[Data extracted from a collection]
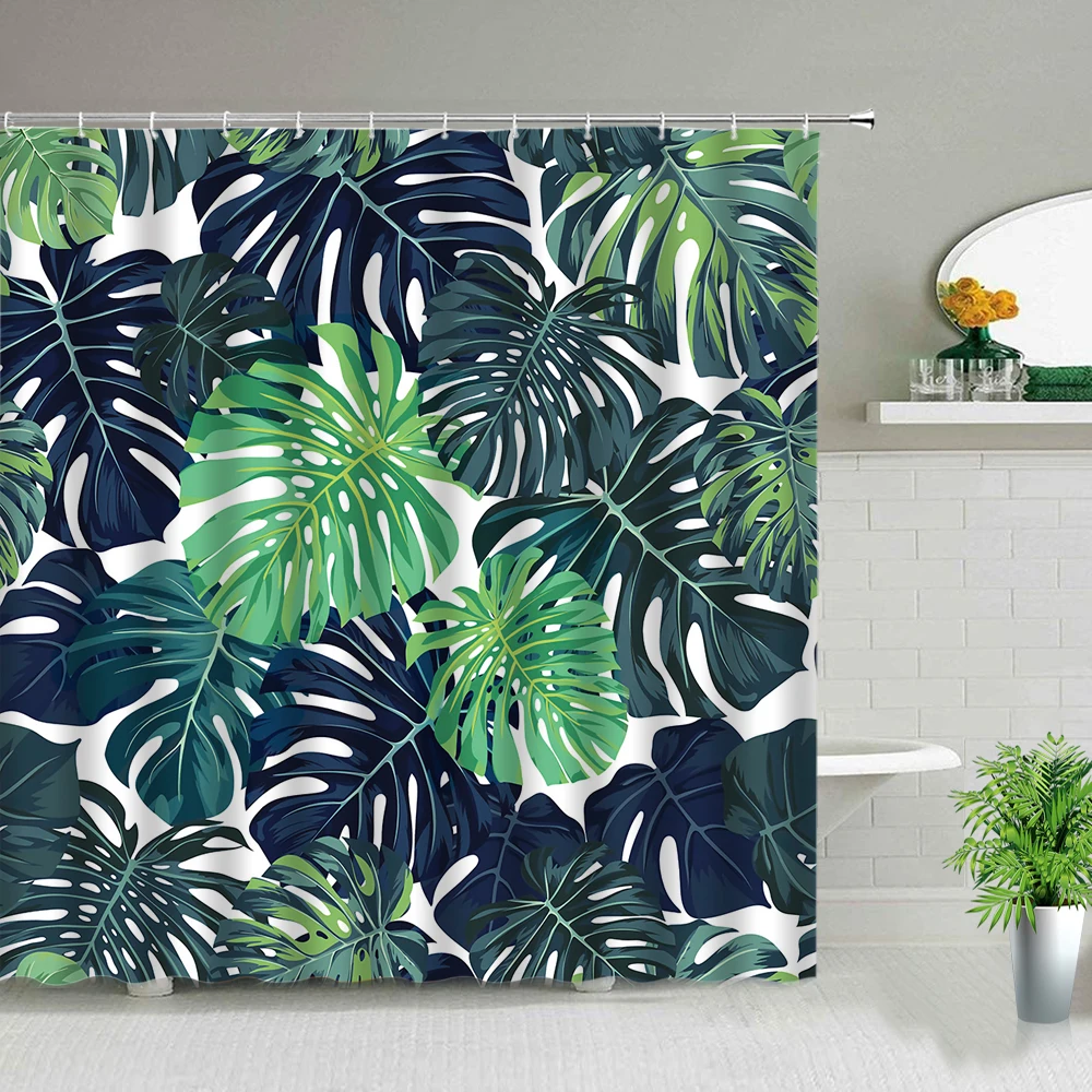Занавеска для душа, из полиэстера, с тропическими пальмовыми листьями
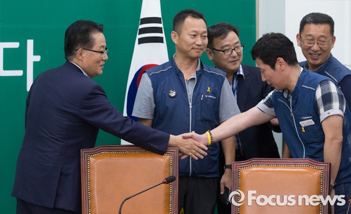 (서울=포커스뉴스) 박지원(왼쪽 첫번째) 국민의당 비상대책위원장이 8일 오후 서울 여의도 국회에서 김주업(왼쪽 두번째) 전국공무원노조 위원장 등 관계자들과 면담에 앞서 인사하고 있다.
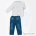 Комплект для мальчика состоит из пиджака, футболки и джинс. Пиджак с отложным воротом и лацканами застегивается на пуговицы. Футболка с круглым вырезом и коротким рукавом декорирована аппликацией на полочке. Джинсы с отрезным поясом на пуговице и четырьмя карманами.
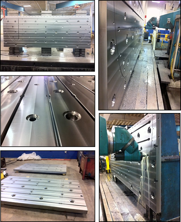 Maximum dimensions for a single plate are 24' x 9' (7.3m x 2.7m). Plate thickness is restricted by material availability and overall weight. Typical width are 4" to 6". Plate thickness is typically dictated by the T-slot size and overall length of the plate. Larger plate areas will be constructed using multiple single plates
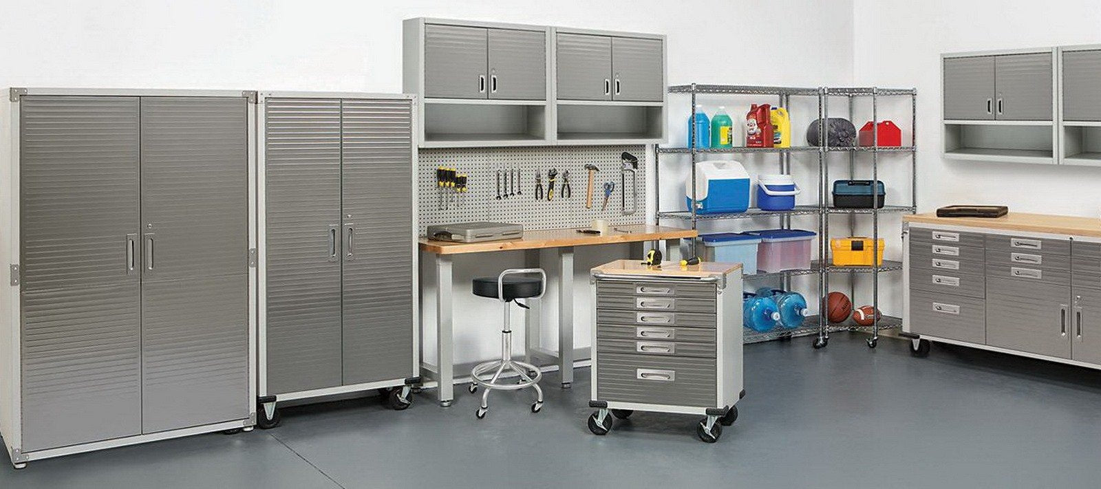 Store anything from tools and books to water jugs and non-perishable foods, this versatile storage cabinet can stand up to the stress. Quality powder-coated construction, stainless steel doors, high-quality casters and hardware provide an economical, stylish answer to your garage organization project. And it's built to last, too.
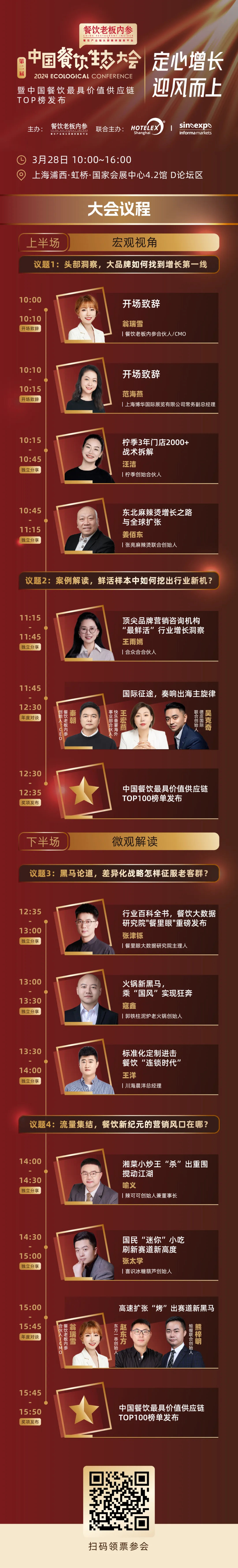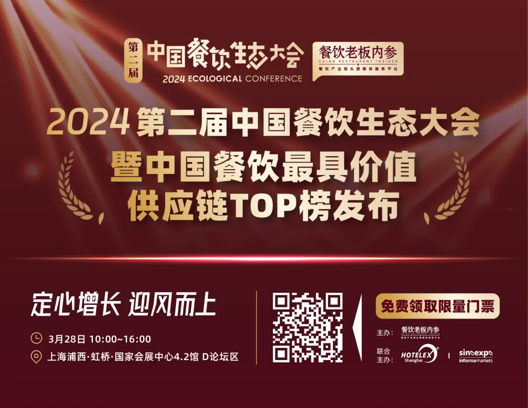 3月28日,“定心增长,迎风而上”2024第二届中国餐饮生态大会,也将在本届展会的分论坛中重磅登场,同时将现场发布中国餐饮最具价值供应链TOP100榜。
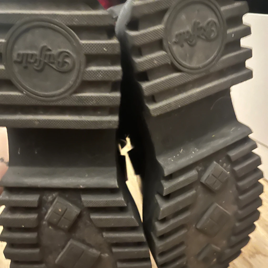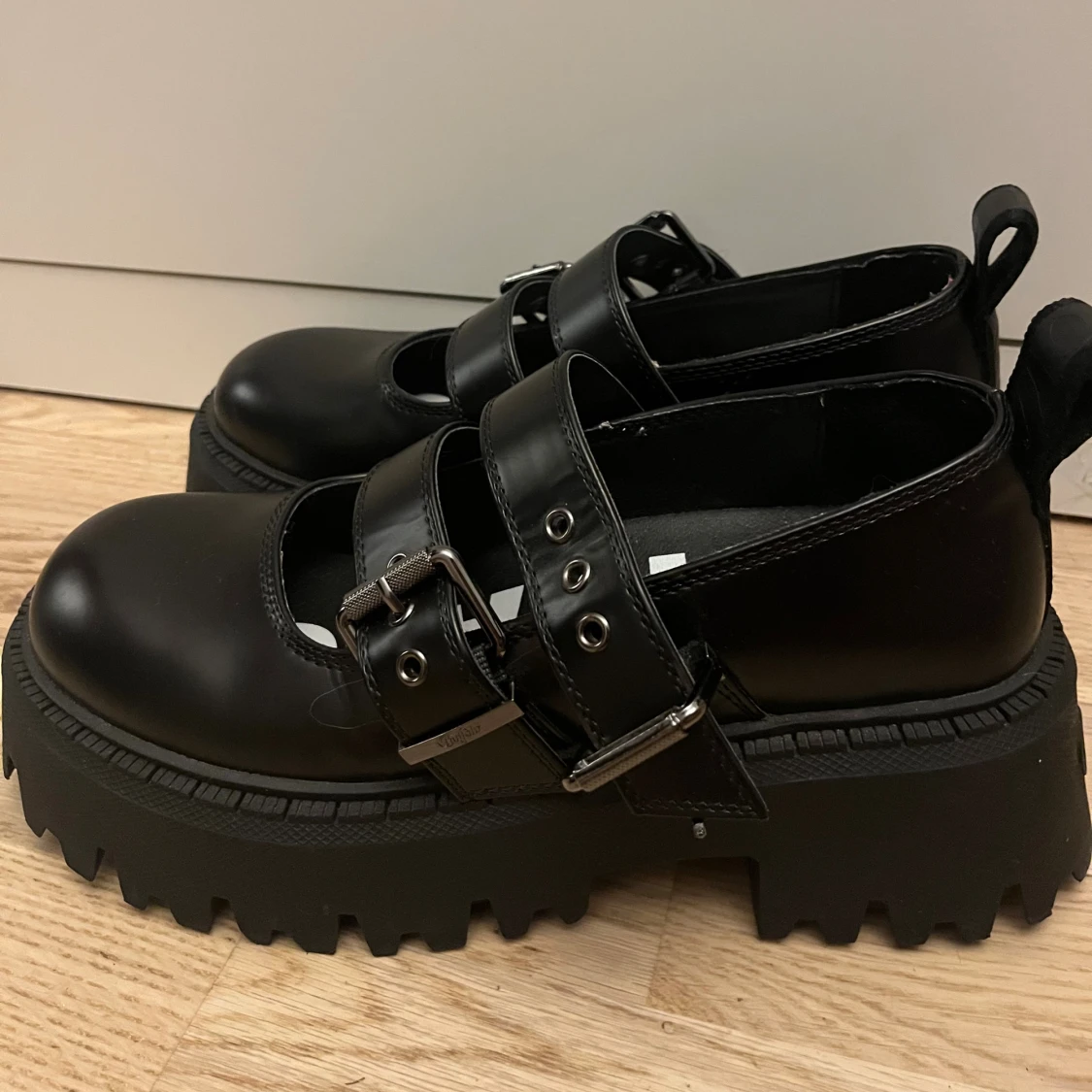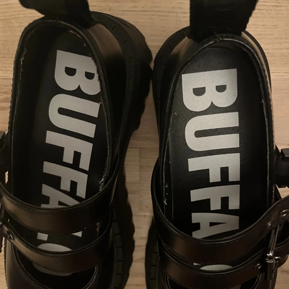 Buffalo ballerinaskor i svart skinn med grov plattformssula och dubbla spännen över foten. Rund tå och robust design som ger en edgy vibe. Perfekt för dig som gillar statement-skor med extra höjd och coola detaljer. Kommer med lådan och använt dom 3 gånger säljer dom för att det är inte min still
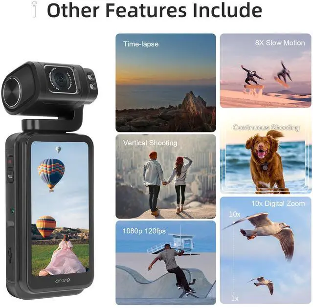 • 3.5-inch 180-degree Rotating Large ScreenThe ordro M3 handheld camera support Horizontal and vertical shooting modes can be freely selected to meet the needs of various scenes, yoga/travel/conference/food production/camping/parent-child/dinner /Vlog shooting.
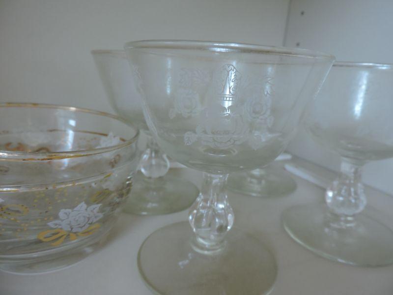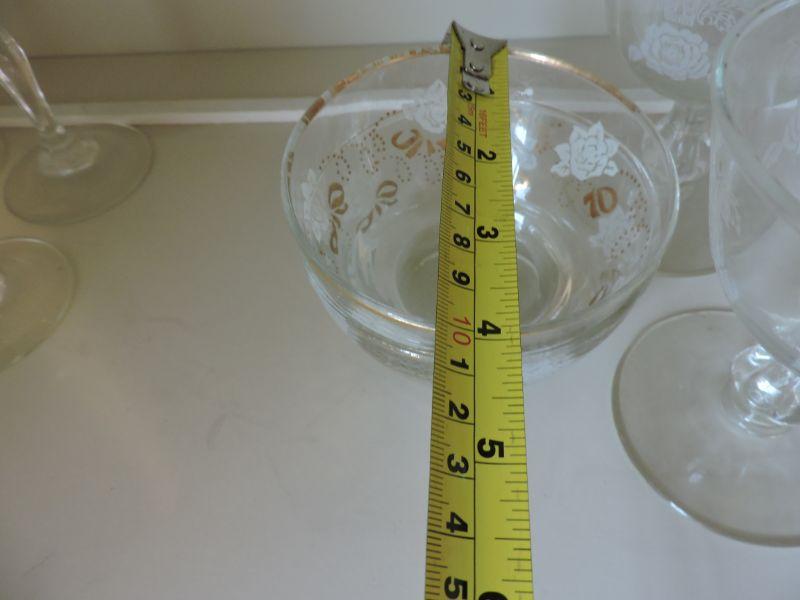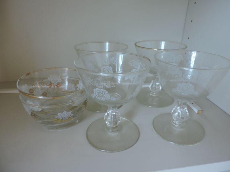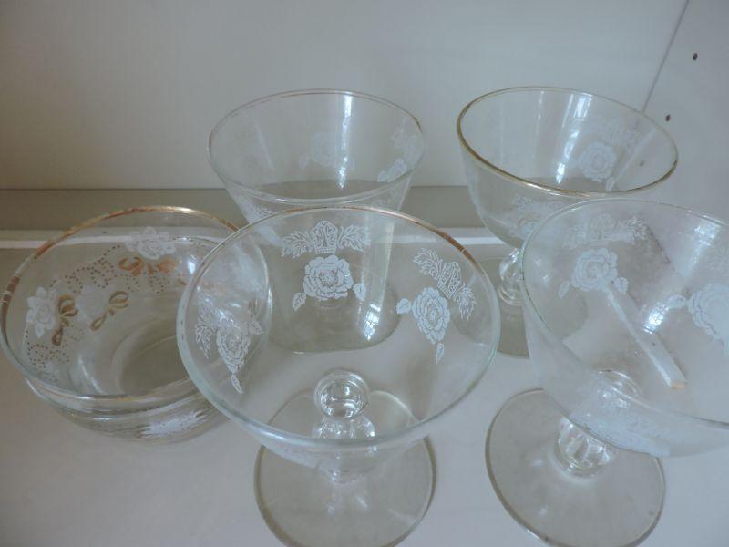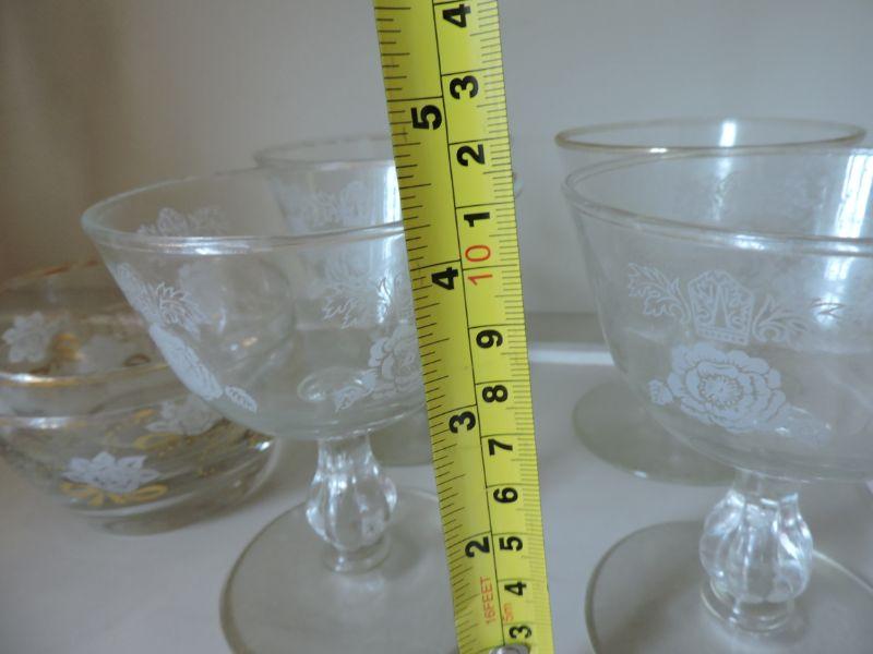 Etched glass and gold trimmed dessert cups and glasses. **Please read Terms and Conditions before placing a bid. Pick up is Saturday, November 30 from 9am to 3pm in Bridgeton, NJ. All sales are final. All sales are as is, where is. Please review all photos. Any props included in photos are not included in listing. All measurements are approximate.
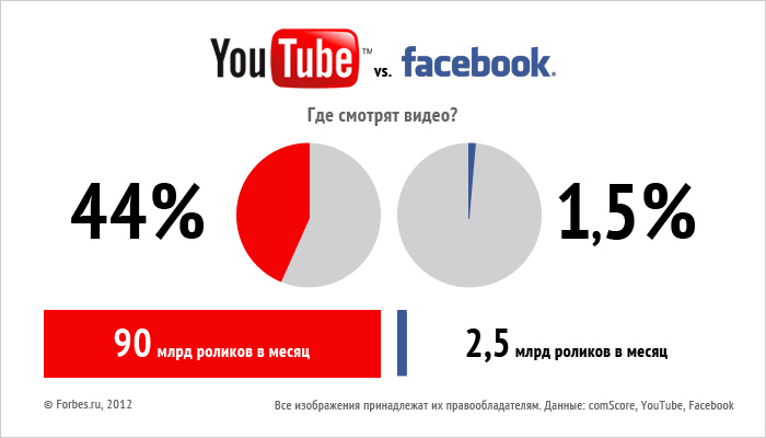 Ролики из YouTube гуляют по Facebook, однако масштаб этого явления значительно меньше, чем можно представить. На долю сети Цукерберга приходится лишь 1,3% времени, проводимого людьми за просмотром онлайн-видео. Наверняка Facebook хотел бы увеличить этот показатель, но качество в данном случае значительно важнее количества. Сага о том, как черепаха живьем съедает голубя, не представляет для Facebook интереса — едва ли этот трэш привлечет рекламодателя. Соцсеть №1 волнует тот контент, который можно монетизировать. Например, Facebook сейчас пытается уговорить сервис потокового музыкального видео Vevo (владеют самым популярным каналом на YouTube) сменить площадку и перейти к ним.
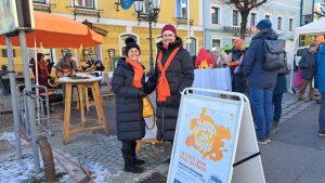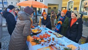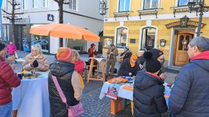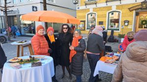 Der Auftritt beim Wochenmarkt war neben der orangen Bank, die beim Stift Schlägl aufgestellt wurde, ein weiterer Beitrag zur weltweiten UN-Kampagne Orange the World gegen Gewalt an Frauen.
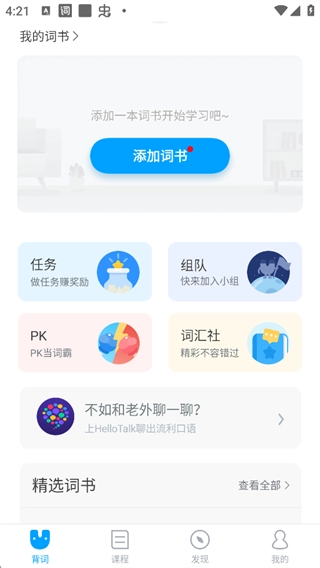 你可以添加词汇书籍开启学习之旅,还能参与任务、组队、对战等丰富项目,也能借助精选词汇书籍,通过游戏化的方式练习口语。

**TASK PROMPT**
The entries above are to be reproduced exactly, with the pictures dropped.

**ANSWER SECTION**
Занавеска для душа, из полиэстера, с тропическими пальмовыми листьями
 (서울=포커스뉴스) 박지원(왼쪽 첫번째) 국민의당 비상대책위원장이 8일 오후 서울 여의도 국회에서 김주업(왼쪽 두번째) 전국공무원노조 위원장 등 관계자들과 면담에 앞서 인사하고 있다.
 Комплект для мальчика состоит из пиджака, футболки и джинс. Пиджак с отложным воротом и лацканами застегивается на пуговицы. Футболка с круглым вырезом и коротким рукавом декорирована аппликацией на полочке. Джинсы с отрезным поясом на пуговице и четырьмя карманами.
 Maximum dimensions for a single plate are 24' x 9' (7.3m x 2.7m). Plate thickness is restricted by material availability and overall weight. Typical width are 4" to 6". Plate thickness is typically dictated by the T-slot size and overall length of the plate. Larger plate areas will be constructed using multiple single plates
 Store anything from tools and books to water jugs and non-perishable foods, this versatile storage cabinet can stand up to the stress. Quality powder-coated construction, stainless steel doors, high-quality casters and hardware provide an economical, stylish answer to your garage organization project. And it's built to last, too.
 3月28日,“定心增长,迎风而上”2024第二届中国餐饮生态大会,也将在本届展会的分论坛中重磅登场,同时将现场发布中国餐饮最具价值供应链TOP100榜。
 Buffalo ballerinaskor i svart skinn med grov plattformssula och dubbla spännen över foten. Rund tå och robust design som ger en edgy vibe. Perfekt för dig som gillar statement-skor med extra höjd och coola detaljer. Kommer med lådan och använt dom 3 gånger säljer dom för att det är inte min still
 • 3.5-inch 180-degree Rotating Large ScreenThe ordro M3 handheld camera support Horizontal and vertical shooting modes can be freely selected to meet the needs of various scenes, yoga/travel/conference/food production/camping/parent-child/dinner /Vlog shooting.
 Etched glass and gold trimmed dessert cups and glasses. **Please read Terms and Conditions before placing a bid. Pick up is Saturday, November 30 from 9am to 3pm in Bridgeton, NJ. All sales are final. All sales are as is, where is. Please review all photos. Any props included in photos are not included in listing. All measurements are approximate.
 Ролики из YouTube гуляют по Facebook, однако масштаб этого явления значительно меньше, чем можно представить. На долю сети Цукерберга приходится лишь 1,3% времени, проводимого людьми за просмотром онлайн-видео. Наверняка Facebook хотел бы увеличить этот показатель, но качество в данном случае значительно важнее количества. Сага о том, как черепаха живьем съедает голубя, не представляет для Facebook интереса — едва ли этот трэш привлечет рекламодателя. Соцсеть №1 волнует тот контент, который можно монетизировать. Например, Facebook сейчас пытается уговорить сервис потокового музыкального видео Vevo (владеют самым популярным каналом на YouTube) сменить площадку и перейти к ним.
 Der Auftritt beim Wochenmarkt war neben der orangen Bank, die beim Stift Schlägl aufgestellt wurde, ein weiterer Beitrag zur weltweiten UN-Kampagne Orange the World gegen Gewalt an Frauen.
 你可以添加词汇书籍开启学习之旅,还能参与任务、组队、对战等丰富项目,也能借助精选词汇书籍,通过游戏化的方式练习口语。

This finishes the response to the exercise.